Data extracts:
== Segment start ==

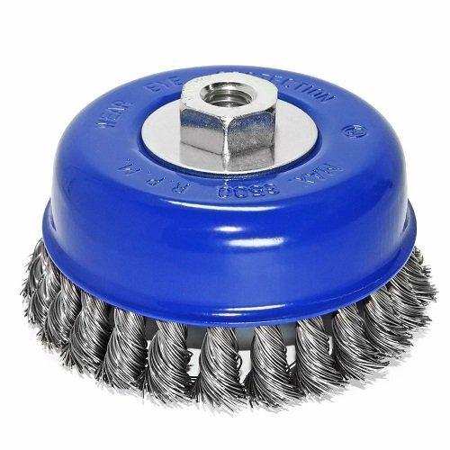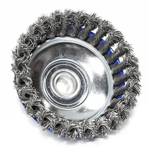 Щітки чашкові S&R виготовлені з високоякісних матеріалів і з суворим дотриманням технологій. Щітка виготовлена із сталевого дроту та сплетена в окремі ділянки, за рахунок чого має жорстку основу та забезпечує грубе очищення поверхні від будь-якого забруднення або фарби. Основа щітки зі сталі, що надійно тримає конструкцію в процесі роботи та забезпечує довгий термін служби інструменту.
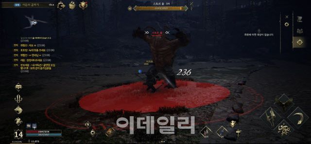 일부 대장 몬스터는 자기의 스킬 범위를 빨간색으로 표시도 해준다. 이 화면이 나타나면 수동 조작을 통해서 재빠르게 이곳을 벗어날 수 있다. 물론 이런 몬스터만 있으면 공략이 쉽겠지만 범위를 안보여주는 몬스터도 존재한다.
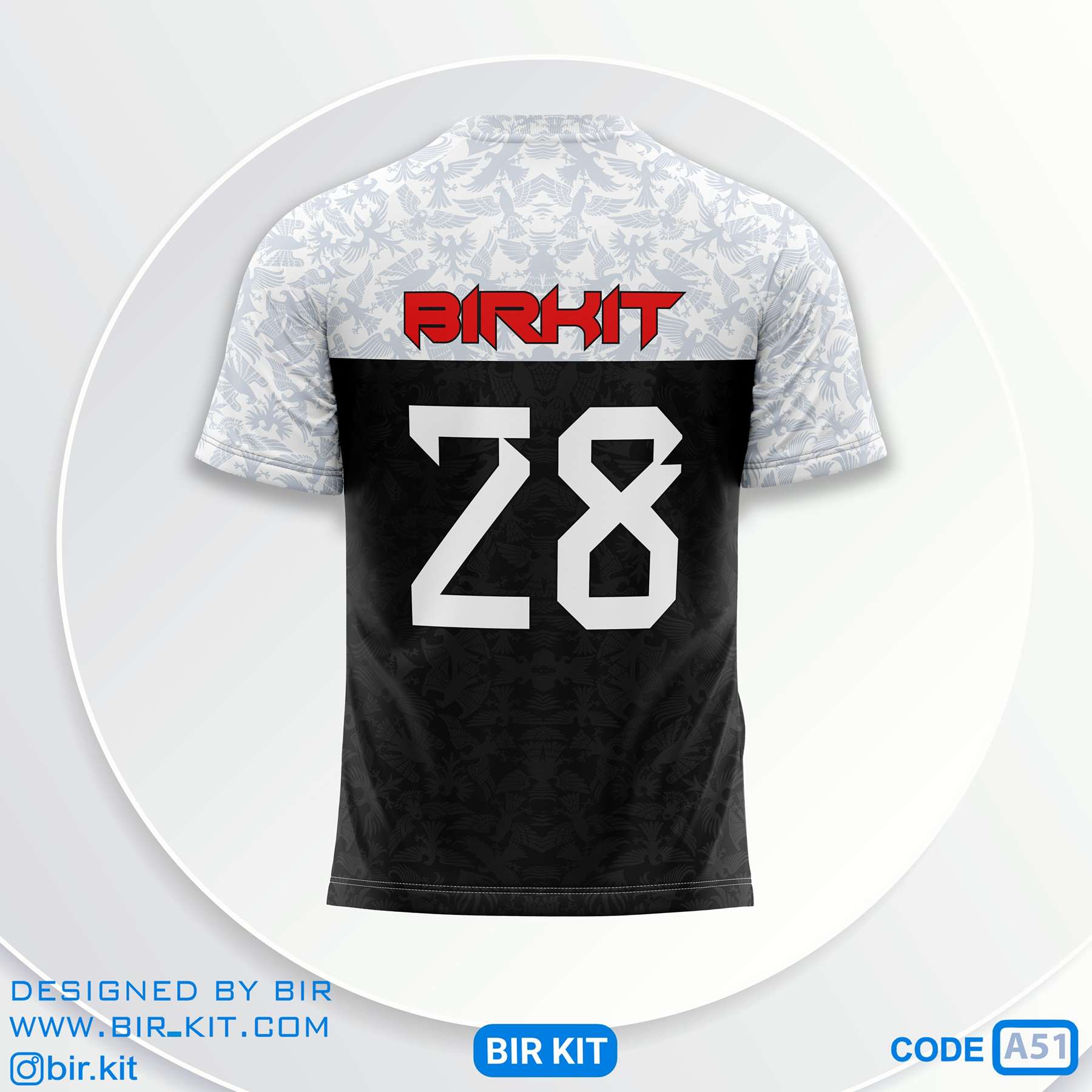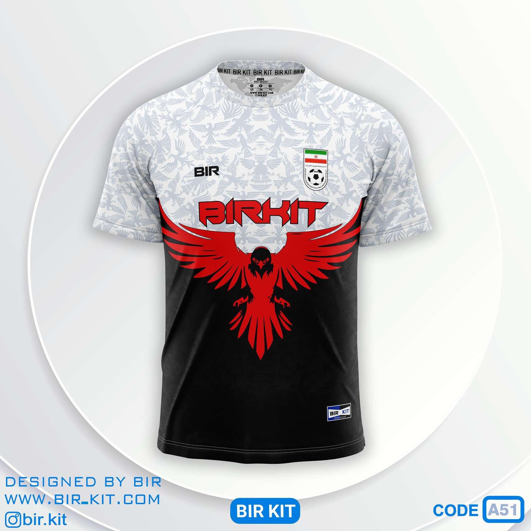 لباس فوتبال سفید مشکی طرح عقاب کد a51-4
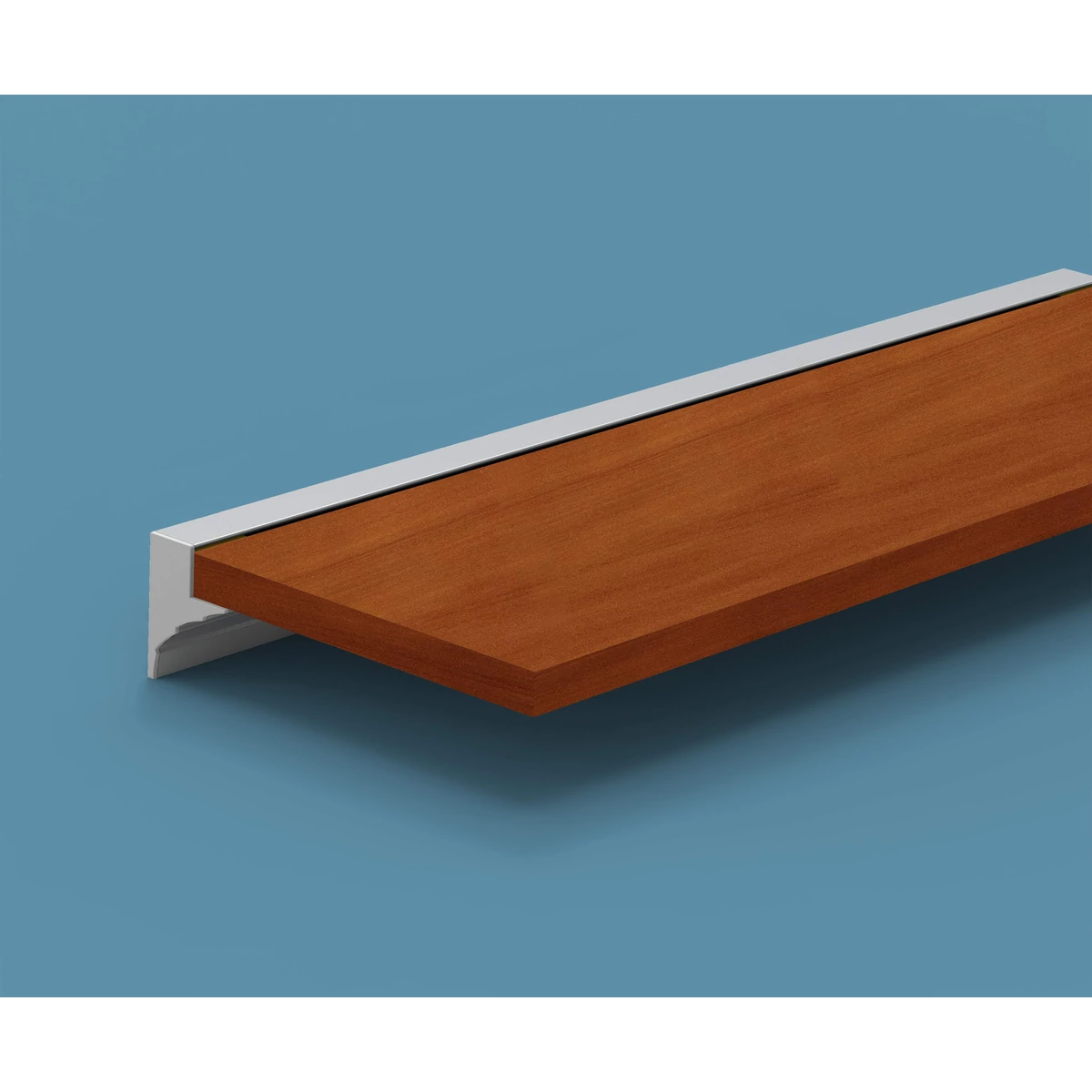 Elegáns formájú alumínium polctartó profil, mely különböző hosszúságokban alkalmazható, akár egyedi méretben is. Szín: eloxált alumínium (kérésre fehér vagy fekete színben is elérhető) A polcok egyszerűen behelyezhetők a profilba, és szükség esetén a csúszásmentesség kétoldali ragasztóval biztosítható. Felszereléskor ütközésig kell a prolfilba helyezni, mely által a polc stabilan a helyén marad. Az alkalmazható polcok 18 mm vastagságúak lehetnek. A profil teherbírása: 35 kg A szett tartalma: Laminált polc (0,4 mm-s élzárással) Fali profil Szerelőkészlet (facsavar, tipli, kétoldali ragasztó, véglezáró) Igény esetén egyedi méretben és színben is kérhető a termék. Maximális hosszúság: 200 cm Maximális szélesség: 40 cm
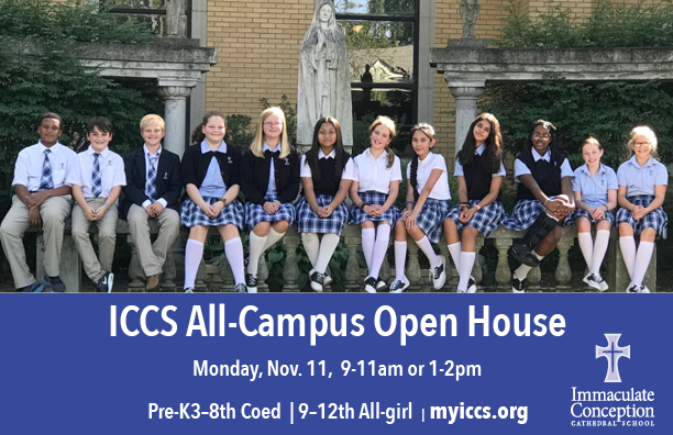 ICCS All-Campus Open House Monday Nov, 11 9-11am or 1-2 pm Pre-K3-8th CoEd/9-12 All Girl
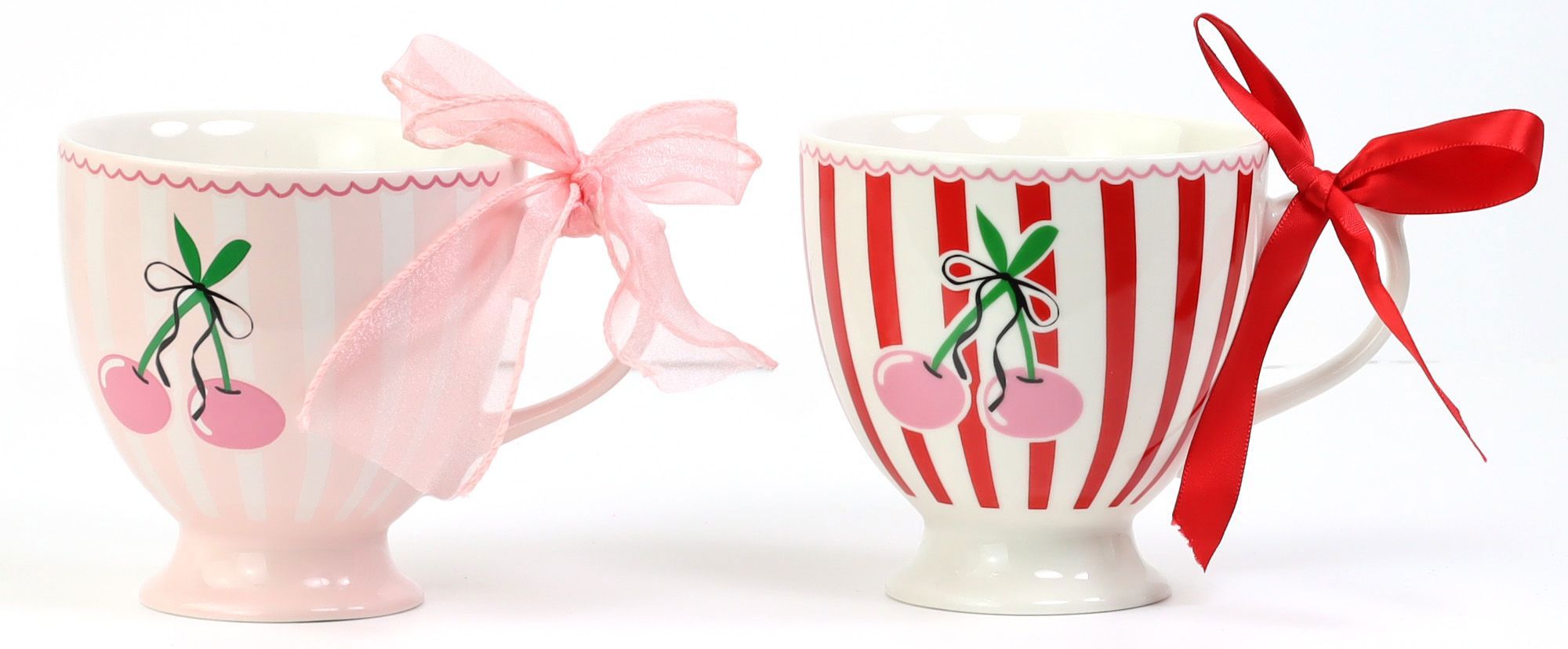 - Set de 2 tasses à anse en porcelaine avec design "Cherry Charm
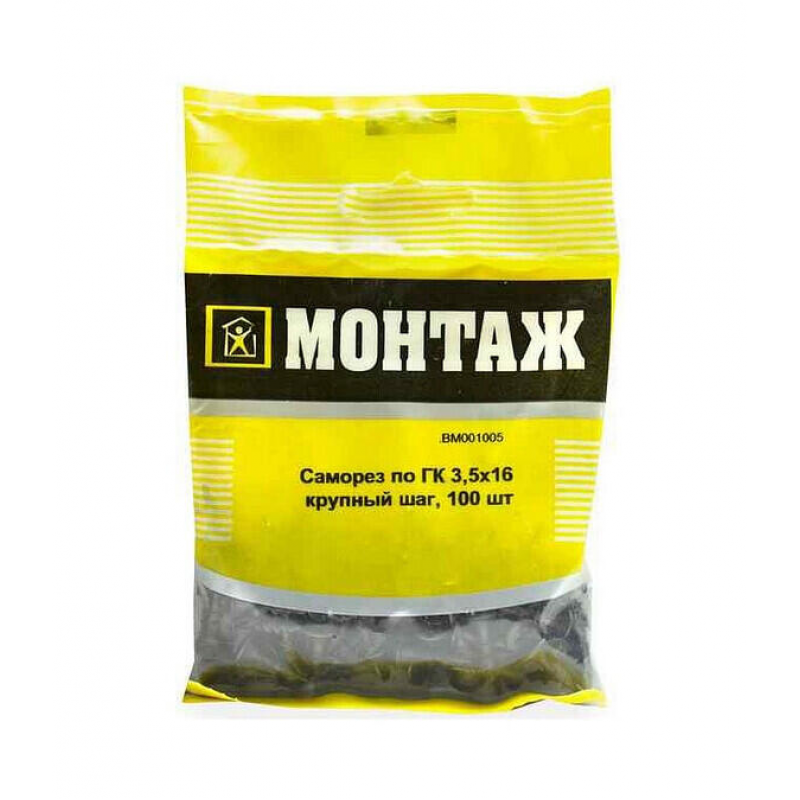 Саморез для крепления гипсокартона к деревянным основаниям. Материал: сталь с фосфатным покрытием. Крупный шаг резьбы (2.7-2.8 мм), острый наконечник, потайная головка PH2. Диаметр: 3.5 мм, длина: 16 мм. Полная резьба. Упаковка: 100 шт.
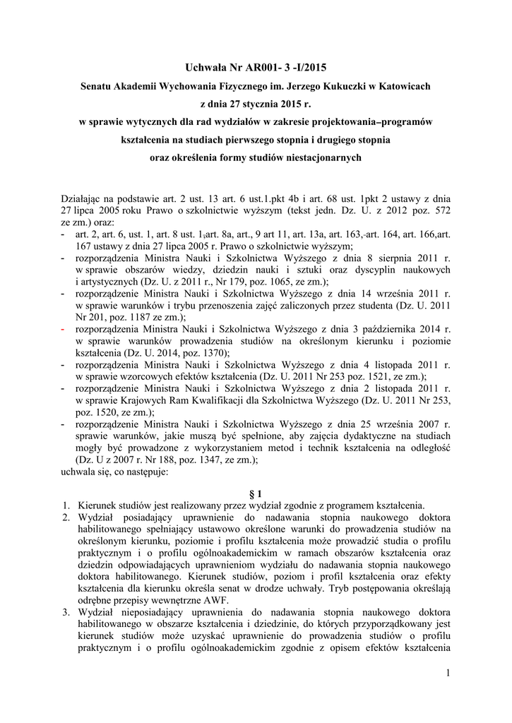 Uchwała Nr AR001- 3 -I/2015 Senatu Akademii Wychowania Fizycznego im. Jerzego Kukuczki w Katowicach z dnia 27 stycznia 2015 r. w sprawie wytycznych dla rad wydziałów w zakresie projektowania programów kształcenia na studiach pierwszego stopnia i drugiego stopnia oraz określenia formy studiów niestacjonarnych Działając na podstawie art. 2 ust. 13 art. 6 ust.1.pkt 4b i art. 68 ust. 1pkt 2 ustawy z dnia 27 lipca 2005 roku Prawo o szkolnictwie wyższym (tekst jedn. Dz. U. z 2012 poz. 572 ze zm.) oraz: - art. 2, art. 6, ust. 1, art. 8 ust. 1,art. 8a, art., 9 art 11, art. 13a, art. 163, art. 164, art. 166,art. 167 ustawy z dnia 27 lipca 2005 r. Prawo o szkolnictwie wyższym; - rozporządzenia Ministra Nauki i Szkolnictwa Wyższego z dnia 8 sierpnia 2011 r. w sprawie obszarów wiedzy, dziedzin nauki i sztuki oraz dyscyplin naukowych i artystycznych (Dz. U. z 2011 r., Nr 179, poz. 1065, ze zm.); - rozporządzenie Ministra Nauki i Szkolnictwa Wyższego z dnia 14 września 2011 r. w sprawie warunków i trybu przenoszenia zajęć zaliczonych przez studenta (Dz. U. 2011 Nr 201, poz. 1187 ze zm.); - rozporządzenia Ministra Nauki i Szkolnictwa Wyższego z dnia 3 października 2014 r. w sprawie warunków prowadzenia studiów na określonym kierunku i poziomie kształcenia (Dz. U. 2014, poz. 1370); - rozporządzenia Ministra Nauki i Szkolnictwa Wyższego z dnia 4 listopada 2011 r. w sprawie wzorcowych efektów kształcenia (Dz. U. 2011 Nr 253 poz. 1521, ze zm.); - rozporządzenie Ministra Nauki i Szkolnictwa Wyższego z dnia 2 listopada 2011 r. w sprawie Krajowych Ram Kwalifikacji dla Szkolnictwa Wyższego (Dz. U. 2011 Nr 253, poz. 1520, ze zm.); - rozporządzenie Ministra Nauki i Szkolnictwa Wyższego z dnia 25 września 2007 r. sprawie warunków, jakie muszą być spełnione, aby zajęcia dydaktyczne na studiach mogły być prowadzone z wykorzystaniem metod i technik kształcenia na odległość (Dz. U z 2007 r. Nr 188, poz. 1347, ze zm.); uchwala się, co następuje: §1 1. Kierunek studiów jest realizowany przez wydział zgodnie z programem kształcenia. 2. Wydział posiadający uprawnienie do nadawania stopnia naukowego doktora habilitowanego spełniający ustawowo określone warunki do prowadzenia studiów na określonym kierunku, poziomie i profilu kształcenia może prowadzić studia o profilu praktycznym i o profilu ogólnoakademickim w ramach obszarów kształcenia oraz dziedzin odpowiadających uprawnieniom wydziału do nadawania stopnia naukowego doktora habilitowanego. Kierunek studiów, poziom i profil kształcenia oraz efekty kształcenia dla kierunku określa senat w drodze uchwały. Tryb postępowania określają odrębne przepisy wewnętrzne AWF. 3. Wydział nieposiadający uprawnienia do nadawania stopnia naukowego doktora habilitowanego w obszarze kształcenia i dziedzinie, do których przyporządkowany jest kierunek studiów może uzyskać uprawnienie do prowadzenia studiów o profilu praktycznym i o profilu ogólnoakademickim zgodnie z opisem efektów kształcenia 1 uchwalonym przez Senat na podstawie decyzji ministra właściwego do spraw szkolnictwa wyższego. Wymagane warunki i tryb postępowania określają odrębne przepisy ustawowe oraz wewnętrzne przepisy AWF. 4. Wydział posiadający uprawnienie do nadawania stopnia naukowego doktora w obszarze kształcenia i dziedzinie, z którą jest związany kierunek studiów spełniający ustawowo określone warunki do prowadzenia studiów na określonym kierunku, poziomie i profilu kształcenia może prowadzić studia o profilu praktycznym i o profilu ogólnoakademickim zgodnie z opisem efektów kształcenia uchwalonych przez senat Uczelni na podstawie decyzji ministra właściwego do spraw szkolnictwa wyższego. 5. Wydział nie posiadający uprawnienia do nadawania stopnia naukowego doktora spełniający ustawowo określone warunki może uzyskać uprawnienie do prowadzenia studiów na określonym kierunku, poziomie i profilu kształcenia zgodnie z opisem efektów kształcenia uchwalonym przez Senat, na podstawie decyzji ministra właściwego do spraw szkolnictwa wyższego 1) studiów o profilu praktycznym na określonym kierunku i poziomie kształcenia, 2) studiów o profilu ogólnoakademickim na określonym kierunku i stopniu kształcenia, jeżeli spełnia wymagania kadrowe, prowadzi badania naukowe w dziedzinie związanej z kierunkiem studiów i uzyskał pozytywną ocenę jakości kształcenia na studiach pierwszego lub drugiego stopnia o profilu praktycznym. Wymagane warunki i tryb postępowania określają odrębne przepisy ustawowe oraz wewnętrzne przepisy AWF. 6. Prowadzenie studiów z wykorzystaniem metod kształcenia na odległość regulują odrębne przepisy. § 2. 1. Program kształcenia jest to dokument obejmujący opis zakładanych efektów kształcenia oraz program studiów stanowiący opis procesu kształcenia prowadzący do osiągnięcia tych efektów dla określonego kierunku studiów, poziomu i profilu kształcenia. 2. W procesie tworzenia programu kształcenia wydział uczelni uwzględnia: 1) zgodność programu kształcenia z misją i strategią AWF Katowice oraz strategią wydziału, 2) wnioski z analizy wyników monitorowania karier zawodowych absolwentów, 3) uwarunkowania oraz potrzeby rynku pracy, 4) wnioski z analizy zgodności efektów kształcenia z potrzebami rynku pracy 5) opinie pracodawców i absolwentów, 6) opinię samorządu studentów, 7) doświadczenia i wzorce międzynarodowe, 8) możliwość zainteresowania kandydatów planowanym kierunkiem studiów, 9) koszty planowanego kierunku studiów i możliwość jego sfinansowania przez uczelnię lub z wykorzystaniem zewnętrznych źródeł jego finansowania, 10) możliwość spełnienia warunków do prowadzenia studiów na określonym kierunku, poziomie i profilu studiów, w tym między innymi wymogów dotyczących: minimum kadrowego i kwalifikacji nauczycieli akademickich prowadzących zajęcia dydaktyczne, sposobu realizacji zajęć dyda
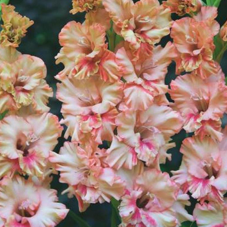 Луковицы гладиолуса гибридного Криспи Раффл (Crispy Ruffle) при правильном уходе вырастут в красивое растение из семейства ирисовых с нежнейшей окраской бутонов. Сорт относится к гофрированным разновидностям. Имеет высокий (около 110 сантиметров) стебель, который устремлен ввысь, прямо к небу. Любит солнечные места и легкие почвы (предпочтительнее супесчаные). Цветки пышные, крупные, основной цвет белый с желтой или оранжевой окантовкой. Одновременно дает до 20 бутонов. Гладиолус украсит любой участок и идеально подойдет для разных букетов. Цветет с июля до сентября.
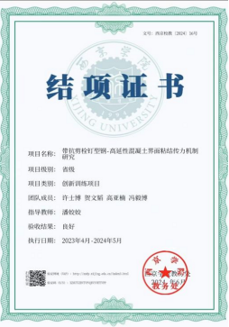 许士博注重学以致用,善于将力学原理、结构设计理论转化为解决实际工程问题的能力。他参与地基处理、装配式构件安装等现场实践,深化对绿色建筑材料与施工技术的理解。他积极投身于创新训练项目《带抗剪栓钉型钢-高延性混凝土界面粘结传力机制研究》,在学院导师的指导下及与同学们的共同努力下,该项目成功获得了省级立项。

== Segment end ==

Problem to work on:
Pictures aside, print exactly the lines above starting with the one containing "لباس فوتبال سفید مشکی طرح عقاب کد a51-4" and going on through the one containing "Саморез для крепления".

Result for this exercise:
 لباس فوتبال سفید مشکی طرح عقاب کد a51-4
 Elegáns formájú alumínium polctartó profil, mely különböző hosszúságokban alkalmazható, akár egyedi méretben is. Szín: eloxált alumínium (kérésre fehér vagy fekete színben is elérhető) A polcok egyszerűen behelyezhetők a profilba, és szükség esetén a csúszásmentesség kétoldali ragasztóval biztosítható. Felszereléskor ütközésig kell a prolfilba helyezni, mely által a polc stabilan a helyén marad. Az alkalmazható polcok 18 mm vastagságúak lehetnek. A profil teherbírása: 35 kg A szett tartalma: Laminált polc (0,4 mm-s élzárással) Fali profil Szerelőkészlet (facsavar, tipli, kétoldali ragasztó, véglezáró) Igény esetén egyedi méretben és színben is kérhető a termék. Maximális hosszúság: 200 cm Maximális szélesség: 40 cm
 ICCS All-Campus Open House Monday Nov, 11 9-11am or 1-2 pm Pre-K3-8th CoEd/9-12 All Girl
 - Set de 2 tasses à anse en porcelaine avec design "Cherry Charm
 Саморез для крепления гипсокартона к деревянным основаниям. Материал: сталь с фосфатным покрытием. Крупный шаг резьбы (2.7-2.8 мм), острый наконечник, потайная головка PH2. Диаметр: 3.5 мм, длина: 16 мм. Полная резьба. Упаковка: 100 шт.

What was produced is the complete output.